Data in this exercise section start

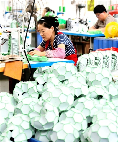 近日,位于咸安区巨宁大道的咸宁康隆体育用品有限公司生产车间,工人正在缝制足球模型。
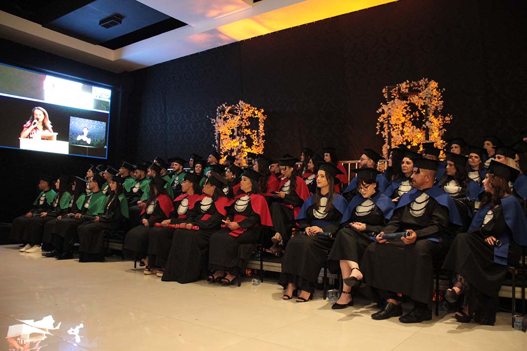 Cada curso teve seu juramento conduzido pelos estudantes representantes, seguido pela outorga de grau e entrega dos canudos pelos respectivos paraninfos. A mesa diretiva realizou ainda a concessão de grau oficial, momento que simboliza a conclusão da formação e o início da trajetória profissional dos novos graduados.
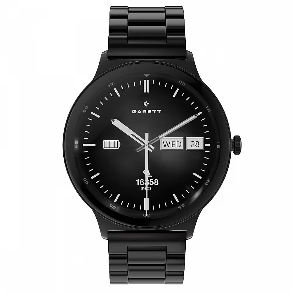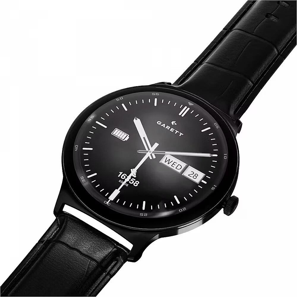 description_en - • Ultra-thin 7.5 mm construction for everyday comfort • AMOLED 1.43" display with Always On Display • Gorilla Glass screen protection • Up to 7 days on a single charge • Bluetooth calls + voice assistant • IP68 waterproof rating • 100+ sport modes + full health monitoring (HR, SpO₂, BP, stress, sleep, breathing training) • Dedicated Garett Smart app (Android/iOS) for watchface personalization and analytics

Data in this exercise section end
Data in this exercise section start

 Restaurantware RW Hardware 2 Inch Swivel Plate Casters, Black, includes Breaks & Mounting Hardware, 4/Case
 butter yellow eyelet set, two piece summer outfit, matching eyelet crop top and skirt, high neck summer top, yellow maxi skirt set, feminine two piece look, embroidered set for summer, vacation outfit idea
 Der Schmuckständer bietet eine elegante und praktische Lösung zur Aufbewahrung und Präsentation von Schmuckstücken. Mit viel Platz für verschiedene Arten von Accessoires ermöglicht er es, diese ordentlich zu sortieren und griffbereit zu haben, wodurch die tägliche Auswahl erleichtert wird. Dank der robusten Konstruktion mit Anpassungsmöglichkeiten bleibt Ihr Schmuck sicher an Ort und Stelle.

Data in this exercise section end

Problem to solve: In the listing above, locate the line with "Restaurantware RW Hardware" and the line with "butter yellow eyelet", then extract exactly those lines and every line between them, and nothing more.

Solution:
 Restaurantware RW Hardware 2 Inch Swivel Plate Casters, Black, includes Breaks & Mounting Hardware, 4/Case
 butter yellow eyelet set, two piece summer outfit, matching eyelet crop top and skirt, high neck summer top, yellow maxi skirt set, feminine two piece look, embroidered set for summer, vacation outfit idea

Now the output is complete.